Victory would give him another three-year term as LDP head and set him on track to become Japan’s longest serving premier, given the LDP-led ruling coalition’s grip on parliament.
Article 9 of the constitution, if taken literally, bans maintenance of armed forces but it has been interpreted to allow a military for self-defence.
Abe wants to add a reference to the Self-Defence Forces, as Japan’s military is known, to clarify their status.
That would be a largely symbolic change but one long sought by conservatives who see the US-drafted constitution as a humiliating reminder of defeat in the second world war and opposed by critics who worry about expanding the SDF’s role overseas.
“Isn’t it the mission of us politicians living today to create an environment in which they (SDF members) can carry out their duties with a sense of pride?” Abe said in a televised speech to LDP members.
“Let’s fulfil our mission by clearly writing in the constitution the Self-Defence Forces that protect peace and independence of Japan.”
Abe told a news conference he hoped the LDP could present its proposal to parliament in an extra session likely to be held later this year.
An attempt to revise the constitution would be politically risky. The public is divided and the LDP’s dovish partner, the Komeito, is wary.
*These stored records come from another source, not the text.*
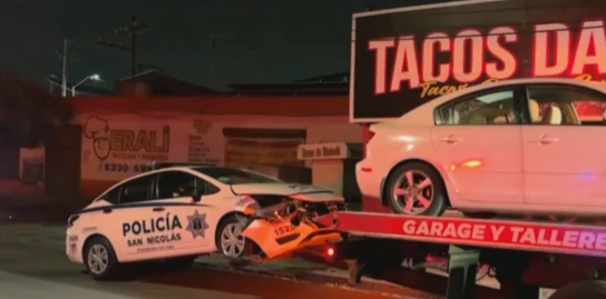 Al responder a un presunto asalto en una tienda de conveniencia, una agente de policía de San Nicolás de los Garza, Nuevo León, resultó lesionada tras chocar en su patrulla luego de participar en una persecución la noche del martes en la colonia Residencial Roble.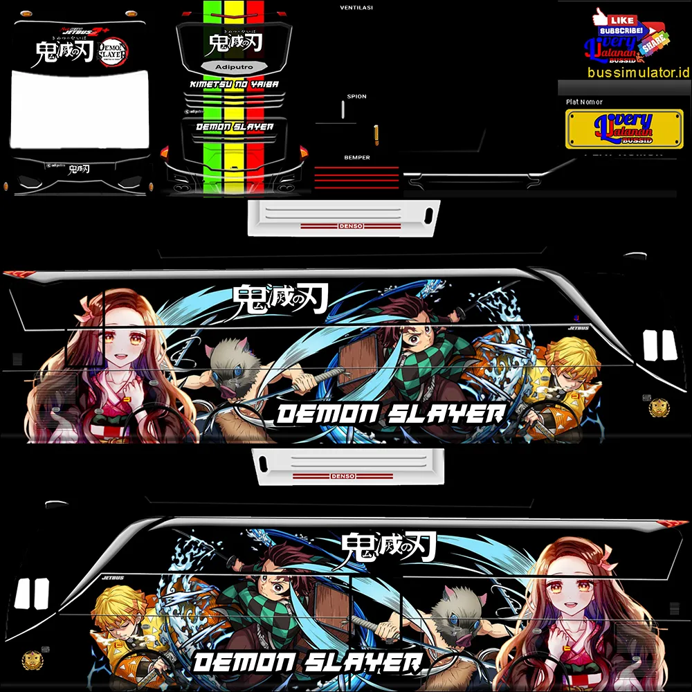 Berikut kami bagikan kumpulan Livery BUSSID Anime, Demon Slayer, Genshin Impact, paling jernih dan terbaru, varian HD, XHD, SDD, Jetbus...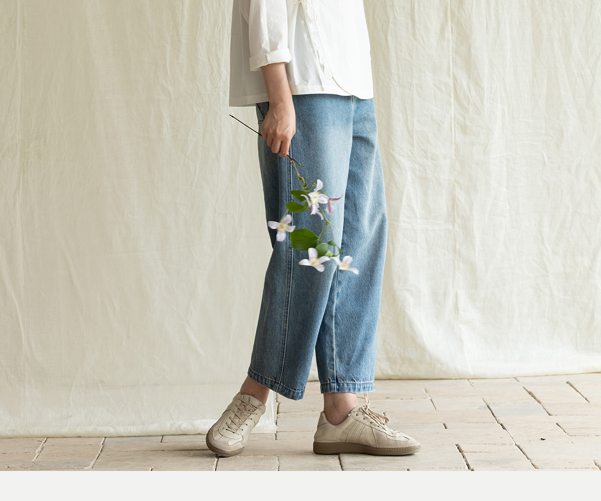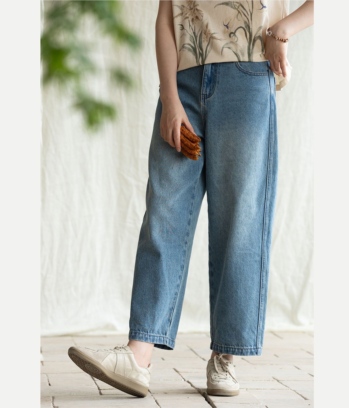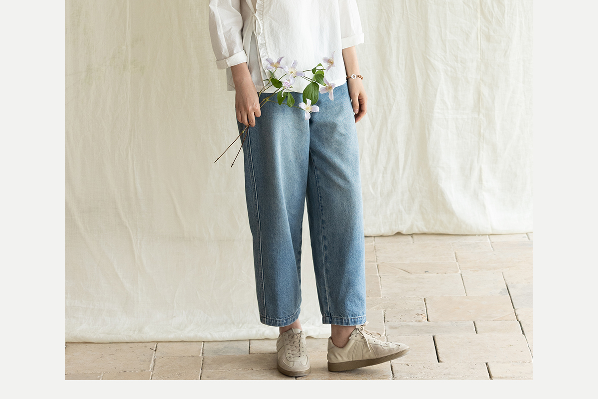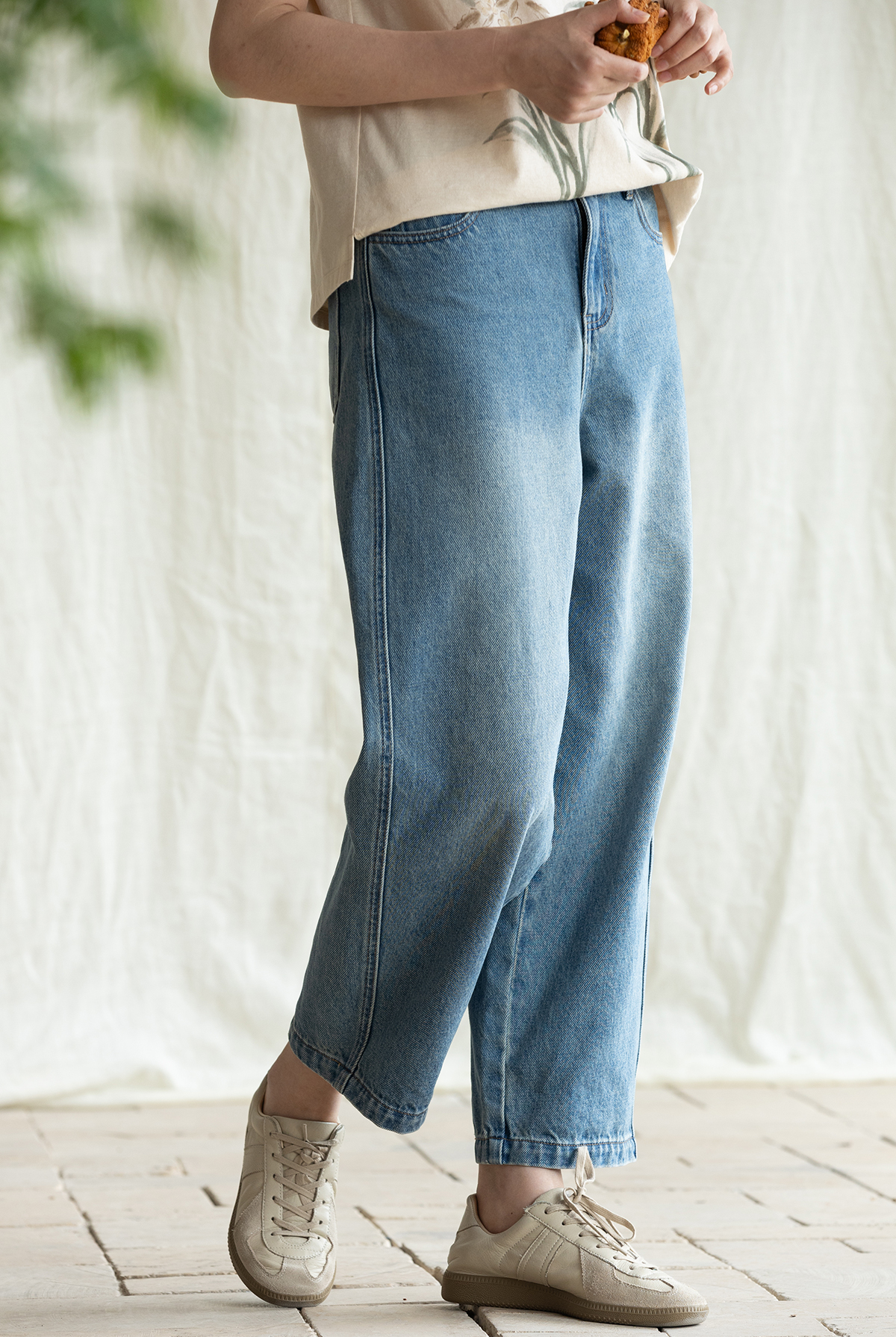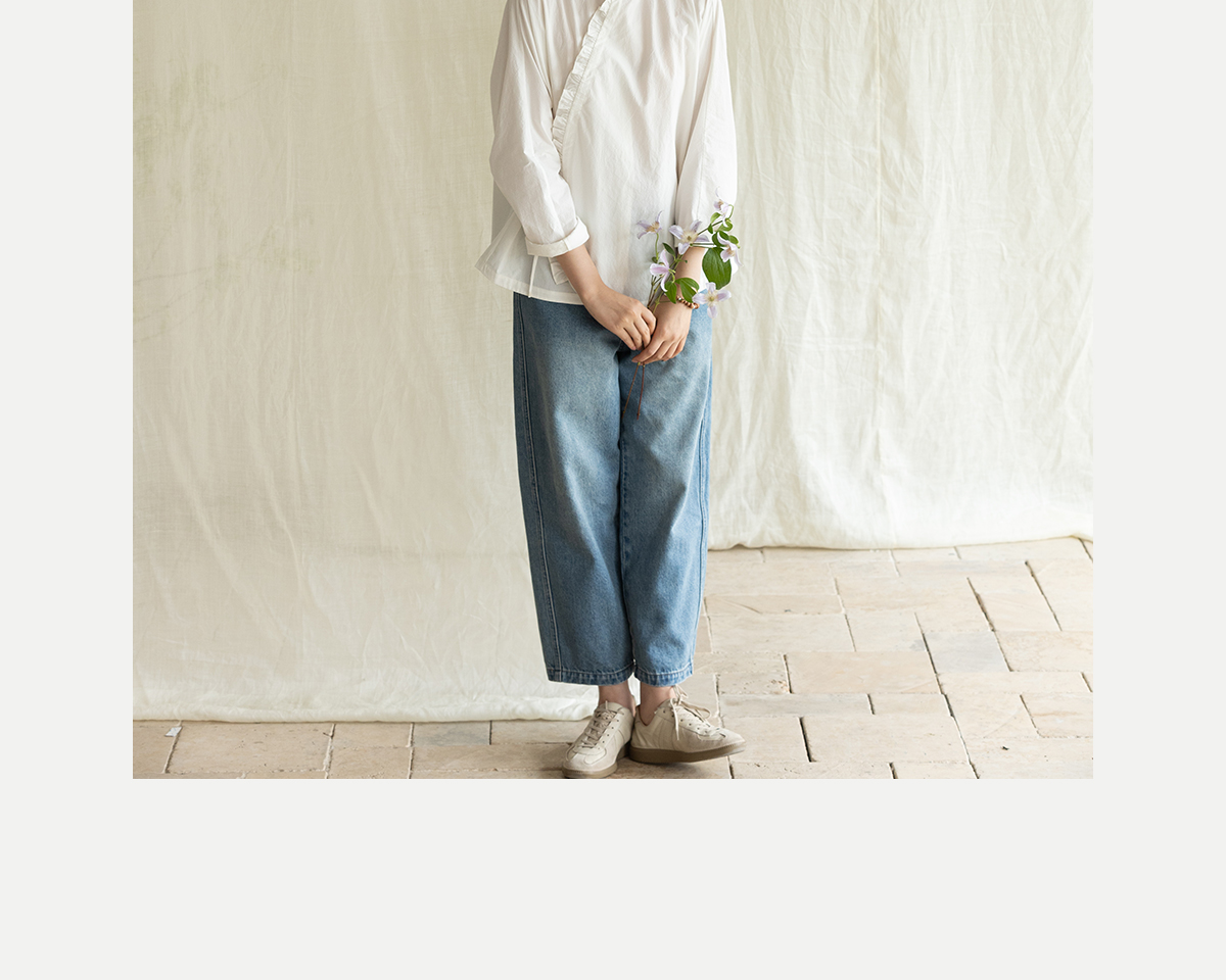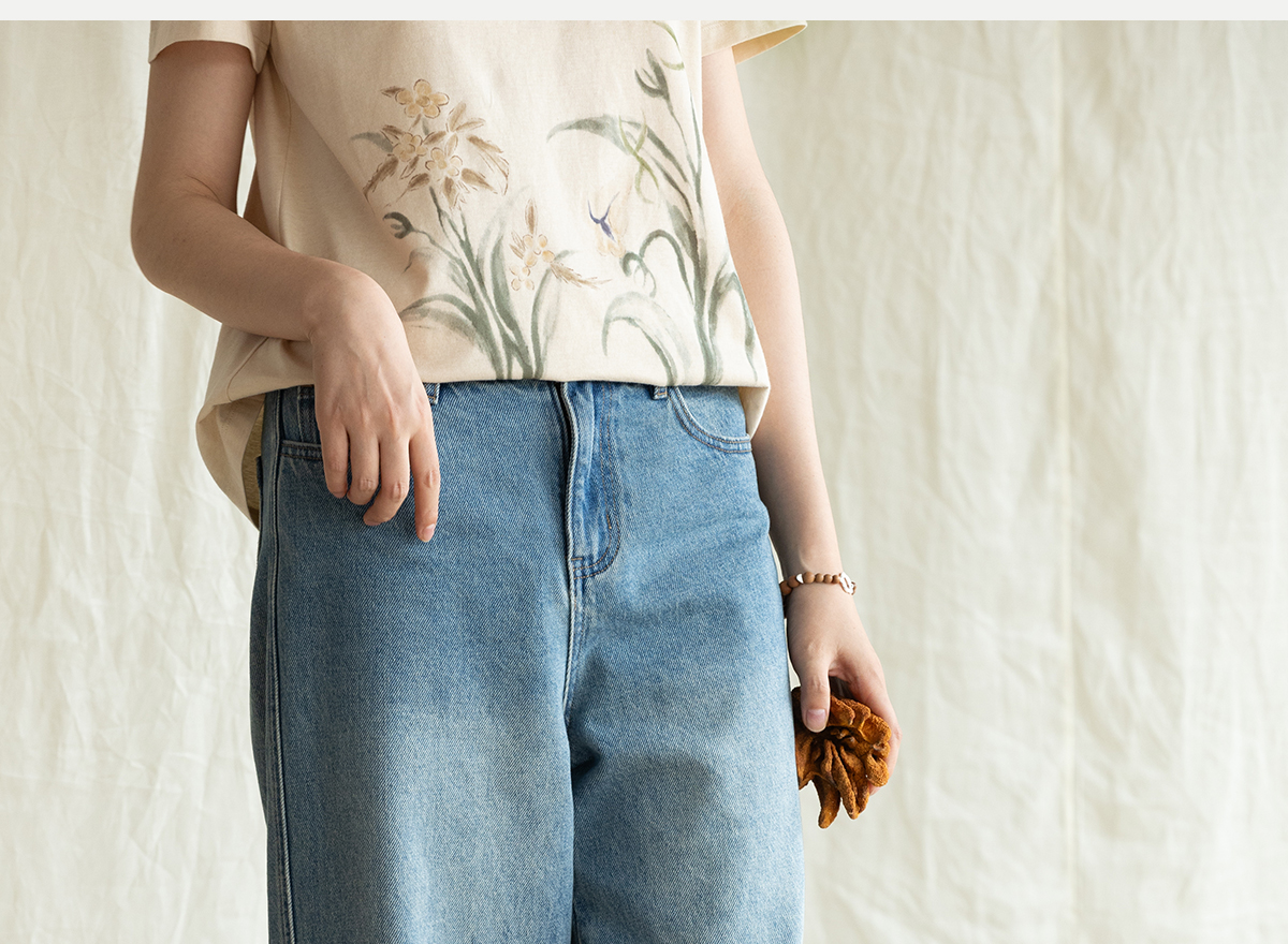 牧衣游原创 净色纯棉牛仔裤新款宽松文艺复古显瘦百搭休闲裤 朴甜

Amendments require approval of two-thirds of both houses of parliament and a majority in a referendum.
Abe, who met South Korean presidential envoy to North Korea Suh Hoon on Monday, reiterated he wants to meet North Korean leader Kim Jong-un to resolve the matter of Japanese citizens kidnapped by Pyongyang’s agents decades ago.
In 2002, North Korea admitted that it kidnapped 13 Japanese in the 1970s and 1980s. Japan believes 17 of its citizens were abducted, five of whom were repatriated. Eight are said by North Korea to have died, while four never entered the country.